For cost considerations, implementation of a two-test algorithm is usually in the form of serial screening, in which the second test is used only for those samples which were classified positive by the first test. The higher sensitivity of DT positions this RDT most appropriately as the initial screening test, while the higher specificity of SP positions it as a more suitable second-line test.
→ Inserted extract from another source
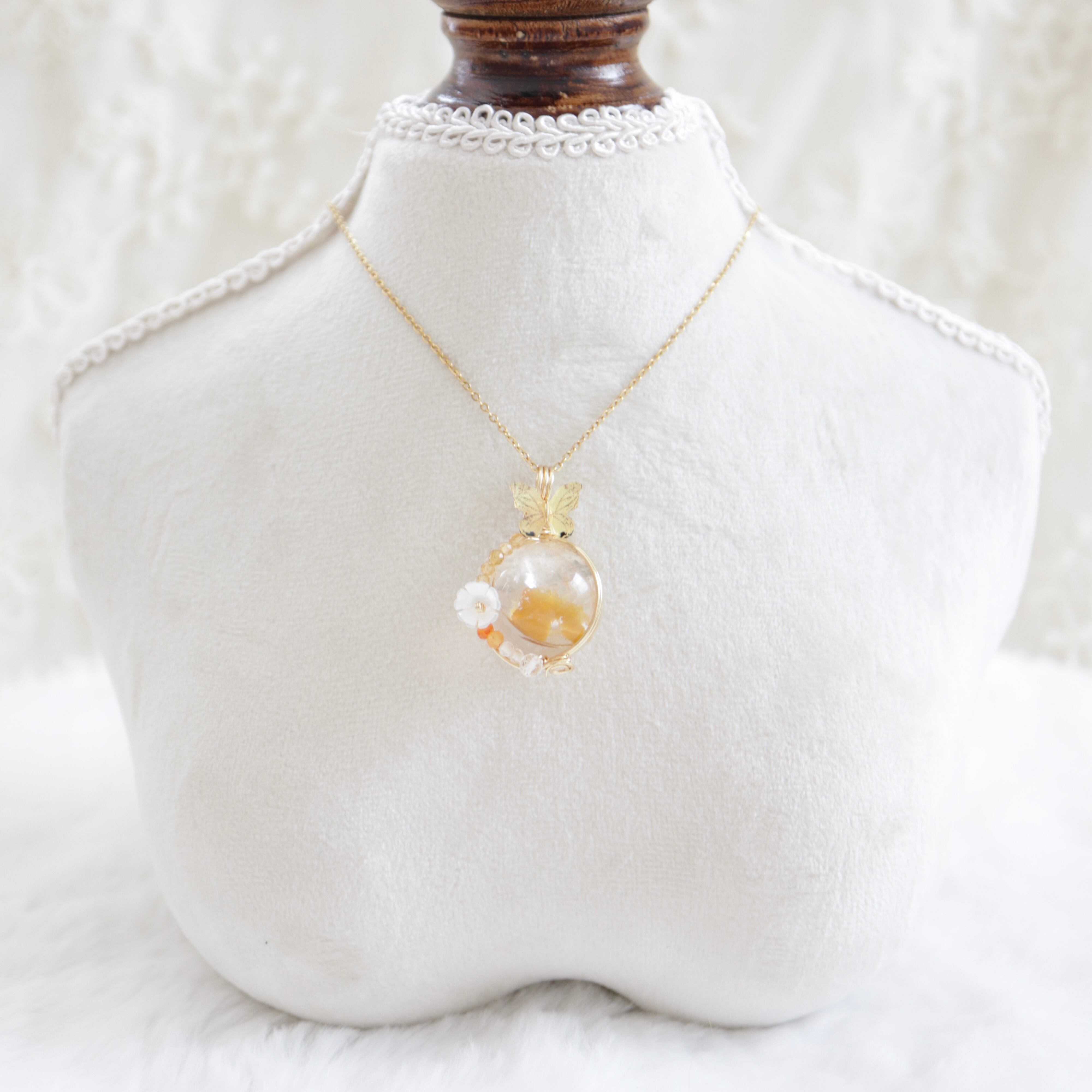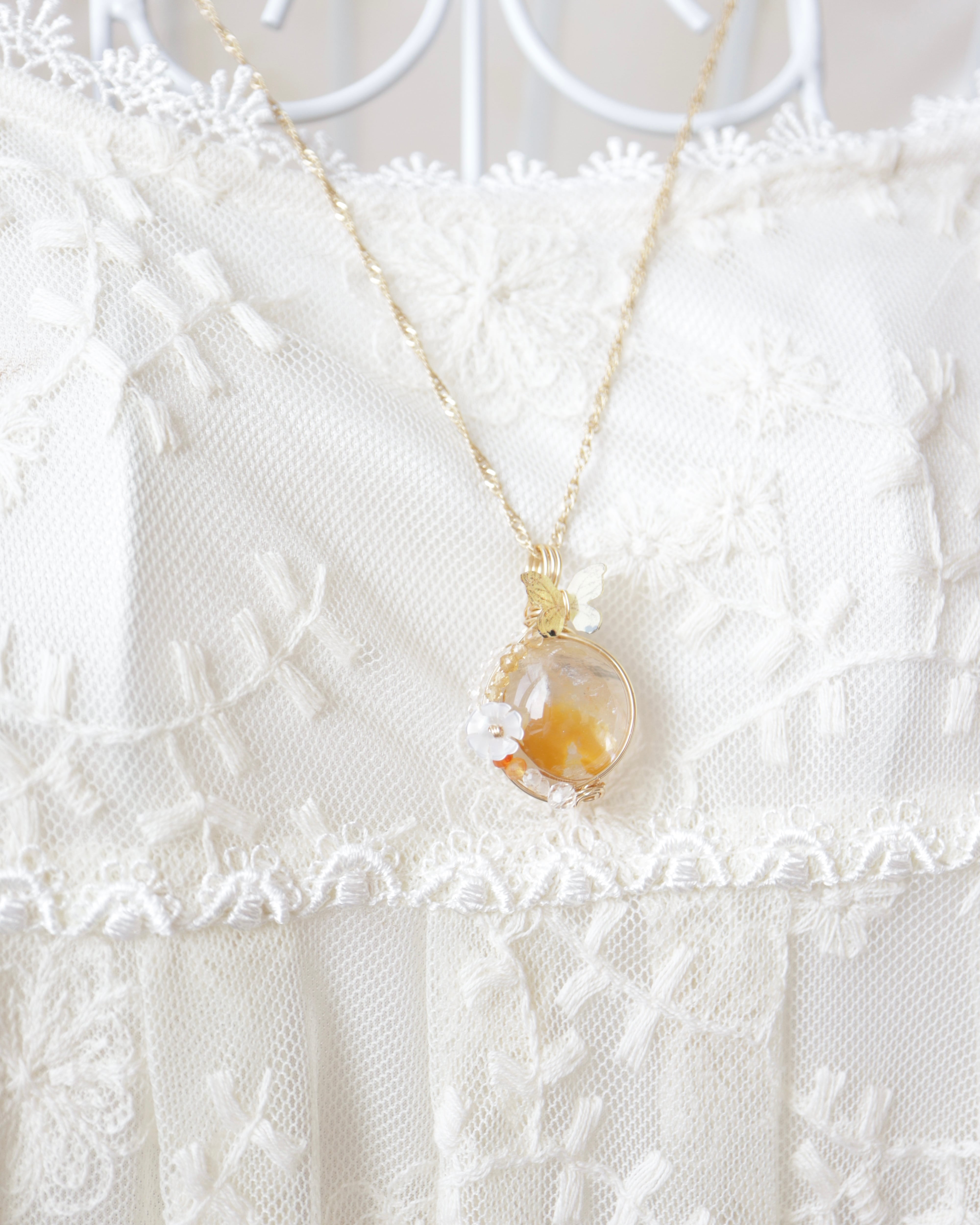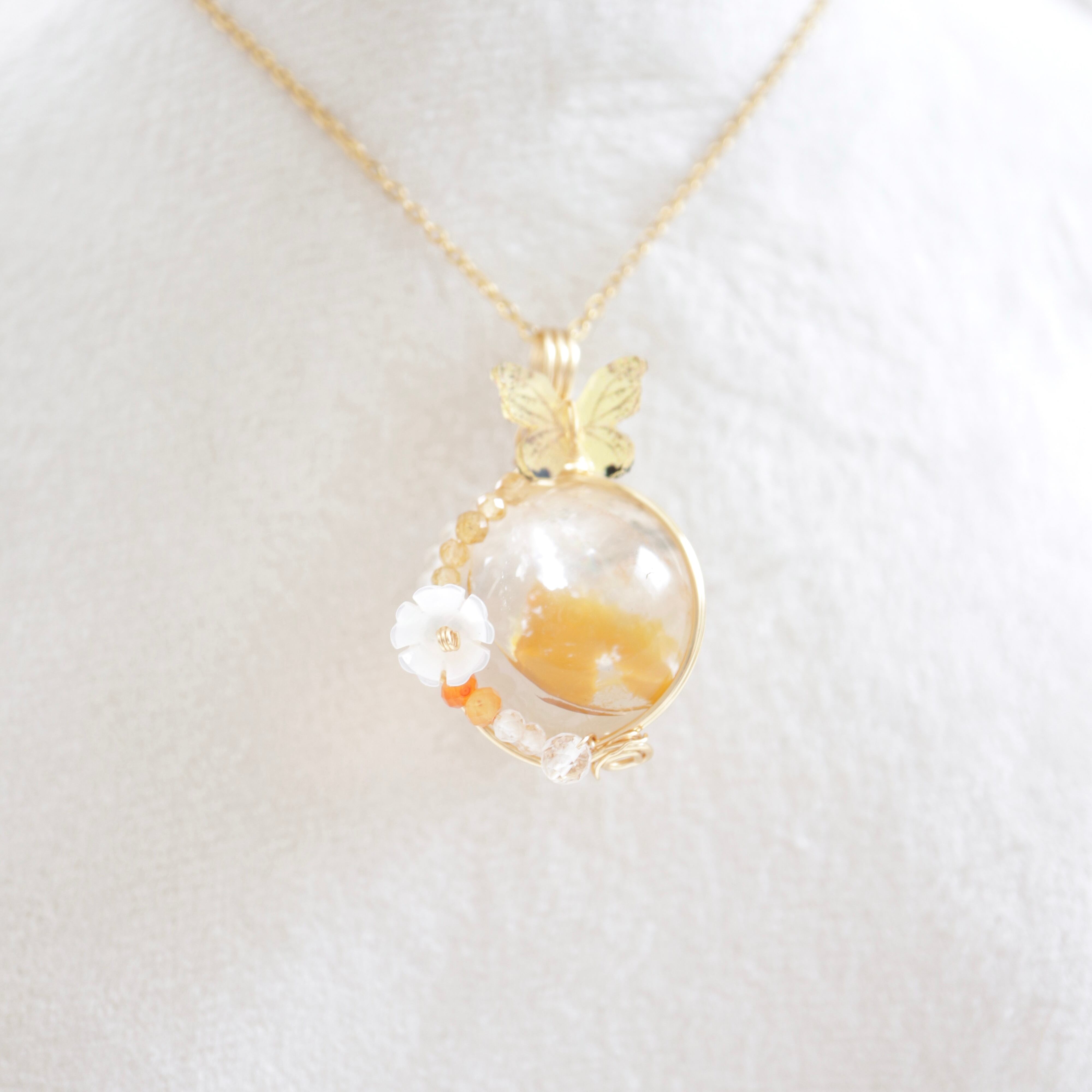 【1点もの】ライモナイトインクォーツ《春告げの雫》|蝶が舞う天然石ペンダント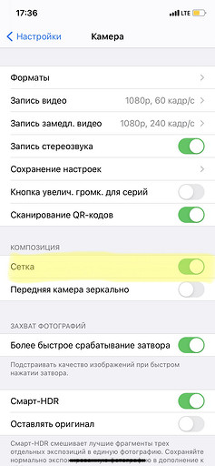 Чтобы включить сетку, откройте «Настройки», пролистайте вниз и выберите «Камера». В появившемся меню активируйте переключатель напротив пункта «Сетка».

However, if positivity on both DT and SP is a required criterion for classification as RDT positive and UG is not being used as a tiebreaker, the order of the tests is less important.

In line with the WHO guidelines, this study supports the use of DT as the initial screening test with SP for independent confirmation in a serial orthogonal algorithm (14, 17, 20). In this study, comparison of the RDT results with those of well-established laboratory tests showed excellent agreement; DT was slightly more sensitive (fewer false negatives) but less specific (more false positives) than SP. The orthogonal parallel test algorithm employed in this study significantly reduced FPs with a minimum increase in FNs, thus minimizing the number of people who were incorrectly diagnosed as HIV infected. This study also serves to highlight the fact that knowledge of the principle of a test and/or the antigens/antibodies employed for target detection is critically important for the development of highly sensitive, specific, and effective test strategies.